Tax day tea party
Thousands of Tea Party protesters stage a rally in Washington's Freedom Plaza
WASHINGTON-If filling out tax returns made you frustrated this week, then Tea Party groups had an invitation for you: Let it out.
And thousands of protestors did release their tax day headaches in a rally here Thursday at the appropriately named Freedom Plaza.
The tail end of the Tea Party Express Tour, which began in Senate Majority Leader Harry Reid's Nevada hometown last month, made its last stop in the nation's capital, just across from a building named after conservative icon Ronald Regan. And this wasn't the only tax day protest, as Tea Party groups held dozens of similar rallies across the country.
Signs here declared, "Dissent is patriotic," and warned lawmakers to "Stop reckless spending."
"I say it's time for these little piggies to go home," shouted Tea Party favorite Rep. Michele Bachmann, R-Minn., to the crowd, referring to the current Democratic majority in Congress. Bachmann reminded the protestors, "It's all about November.
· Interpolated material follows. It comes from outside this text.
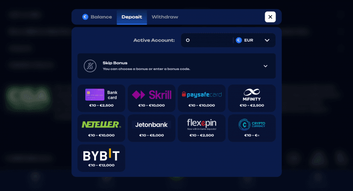 The bank card cap of €500 is low for players who want to make larger single deposits – Bybit or crypto are the only realistic options for bigger amounts. All balances display in EUR only.

Let's take back our country."
The Tea Party's influence will indeed be one of the key stories in this year's mid-term elections. "Your fired," one sign at the rally ominously read. "When did public service become royalty?" said another.
Some incumbent Republican officeholders are wary of the group while Tea Party members themselves seem to prefer conservatives who are outsiders and not part of the Washington establishment.
House Speaker Nancy Pelosi, a Democrat, tired to assert this conservative tension during her weekly press conference on Thursday, telling reporters that the Tea Party movement may force some Republicans into competitive primaries.
"The First Amendment is alive and well right outside my window," Pelosi said.
But the group known as the Tea Party Express held its own news conference before the rallies, during which it released a liberal-heavy list of top targets for 2010. Those included vulnerable moderate Democrats like Sen. Blanche Lincoln, D-Ark.
Even with the elections lingering on the horizon, Thursday's D.C. rally seemed to be more about venting-about the direction of the country, the size of federal government, and the new $1 trillion healthcare law.
Crowd chants included, "Stop raising taxes on people who need jobs!" and "The American people are not stupid!"
Former Saturday Night Live comedian Victoria Jackson took to the stage and plucked a ukulele while performing a song with the lyrics, "There's a communist in the White House."
Parents held pictures of their sons and daughters, begging that the nation's debt would not end up destroying their children's future.
Belmar, N.J., resident Brian Thiede, 22, holding a large yellow flag with the trademark "Don't Tread on Me" emblem, said he joined the movement "the very second I lost my job because of too many small business taxes."
Not surprisingly, taxes did receive the day's most ire. Former Republican House leader Dick Armey, now the head of Freedom Works, yelled to the crowd, "This tax code that you're living under is abomination of the human spirit!" Alaina Pangelina contributed to this report.